Salesforce Tower Atlanta is a 425 ft (130m) tall skyscraper in Atlanta, Georgia. It was completed in 1986 and has 34 floors. Smallwood, Reynolds, Stewart, Stewart & Associates, Inc. designed the building, which is tied with 1100 Peachtree as the 25th tallest building in Atlanta. A second tower with the same profile, but boasting ten additional floors, and a four-hundred-room hotel were originally planned for the surrounding site but never built.

== History ==
Construction began in March 1984. The building was constructed as a joint venture by Vantage Properties of Dallas and Travelers Insurance. In 1988, Sumitomo Life Realty acquired the building. In 1999, the building was purchased from Sumitomo Life Realty by a public pension fund.

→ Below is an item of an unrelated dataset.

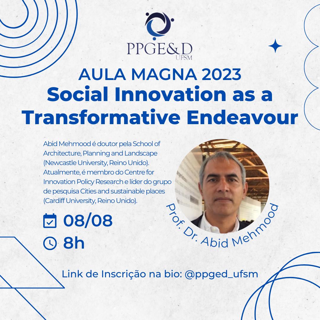O Programa de Pós-Graduação em Economia & Desenvolvimento (PPGE&D) da UFSM terá sua aula inaugural na terça-feira (8), às 8h, em formato virtual, transmitida ao vivo pelo canal do PPGE&D/UFSM no Youtube. A palestra intitulada “Social Innovation as a Transformative Endeavour" será ministrada pelo professor Abid Mehmood, da Cardiff University, Reino Unido, e mediada pela professora Rita Inês Paetzhold Pauli.

In August 2017, Banyan Street Capital, partnered with architectural firm Perkins+Will, revealed their plans to improve the building. The project included entry and lobby remodel, the addition of new amenities and outdoor spaces, corridors upgrade, and the expansion of conference facilities. The renovation was completed in October 2018.

In October 2018, Salesforce.com announced plans to expand their office in the tower and to rename the building to include the company's name. In March 2019, Atlanta Business Chronicle reported that the office was expanded and the tower was renamed as Salesforce Atlanta Plaza.

== Tenants ==
The office occupants include RentGroup, Rubicon Technologies, SAS Institute, Ademco, Soltech, iFOLIO, and Carat.